Flattery wondered. He focused suddenly on Bickel, recognizing the essentially blasphemous nature of such a concept. There
had
to be rules!

“The machine gets part of its personality from its creator, part from its opponents,” Bickel said.

Something from God, something from the Devil,
Flattery thought.
There had to be essential error in this path … somewhere. Bickel was behaving far outside the predictions. Their “organ of analysis” was acting magically. He was not making the best possible move each time.

“You’ll introduce error factors and loss increment into the entire computer,” Prudence cautioned. “That’s not only illogical, it’s—” She broke off, studied her board, made a pressure-balance correction in the atmospheric recirculation system, and waited to see if the automatics could hold the new setting.

“You have to make the best possible move at all times,” Flattery said. “Your suggestion does not appear to—”

“There you’ve hit it,” Bickel agreed. “Best possible move. Sometimes your best possible move is to make a dangerously
poor
move that changes the entire theoretical structure of the game. You change the game.”

“What about all those lives down in the hyb tanks?” Prudence asked. “Do they have any choice in this … game?”

“They already made their choice.”

“And while they’re helpless, you change the rules,” Flattery said.

“That was one of the chances they accepted when they accepted hybernation,” Bickel said. “That was their choice.”

Flattery abandoned the argument, pushed himself off his action couch.

“What’re you going to to do?” Prudence asked.

“Check on Tim.”

“Where
is
Tim?” Bickel asked.

“Down in the hyb tanks,” Flattery said, knowing Bickel could get the answer himself—once he consulted the shop’s repeaters.

“Deep in the hyb tanks?” Bickel asked.

“Of course!”

“Prue!” Bickel snapped. “Try to raise him on the command circuit.”

She heard the urgency in Bickel’s voice, whirled to obey.

There was no response from Timberlake.

“You fools!” Bickel said.

Flattery stopped at the tube hatch, glared up at the screen.

“Who let him go down into the deep tanks?” Bickel demanded. “You blind idiots! Don’t you know what he’s likely to find down there?”

“What do you mean?”

“This whole damn ship’s nothing but a simulation device,” Bickel said. “There’ll be nothing down there except a few crew replacements. Those tanks have to be empty!”

He’s wrong!
Flattery thought.
Or is he?

The thought staggered Flattery. He saw immediately how that might pull the props out from under Timberlake—a man tuned as fine as the rest of them for a specific function.

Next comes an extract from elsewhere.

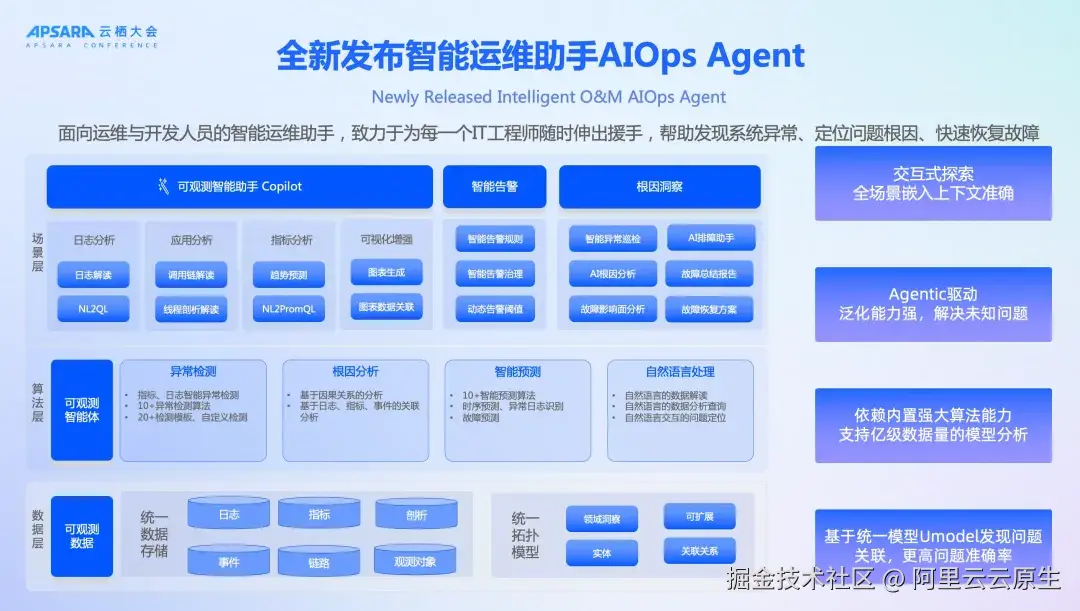 与传统的基于规则的 AIOps 不同,我们的 AIOps 智能体基于多 Agent 架构,具备解决未知问题的自主性。在收到问题后,它会自主地进行规划、执行和反思,从而提升解决问题的能力。在算法层面,我们积累了非常多的原子能力,这些原子包括对海量数据的预处理,异常检测,智能预测等算子,这些都可以作为工具可以被智能体使用。也欢迎大家可以登录我们的控制台进行体验并给我们反馈。

“He’d still have the crew systems,” Prudence said. She stared across the room at Flattery, feeling the loneliness. The Tin Egg with its programmed peril might contain only a few isolated humans launched into nowhere.

They wouldn’t,
Flattery thought.
But if they’d prepare me to cheat the rest of the crew …
His feet felt rooted to the deck. He swallowed in a dry throat.
But it’s impossible! They promised me when I discovered the actual Tau Ceti records

if we succeeded we could just send back the message capsule and continue as …

“Raj, are you sick?” Prudence asked. She studied him, seeing the lost, sunken look in his eyes.

“The Tau Ceti planets are uninhabitable, yes,”
Hempstead had admitted when confronted with the evidence.
“No Eden, But the universe is known to contain billions of inhabitable planets. You realize you can’t come back here, of course. The danger to your hosts.”

“The biopsy donors were all criminals,”
Flattery had said, springing his other suspicion.

“Brilliant people, but misdirected,”
Hempstead had protested.
“That is one of the reasons you can’t come
back, but nothing’s to stop you from going on to explore and find your own Eden.”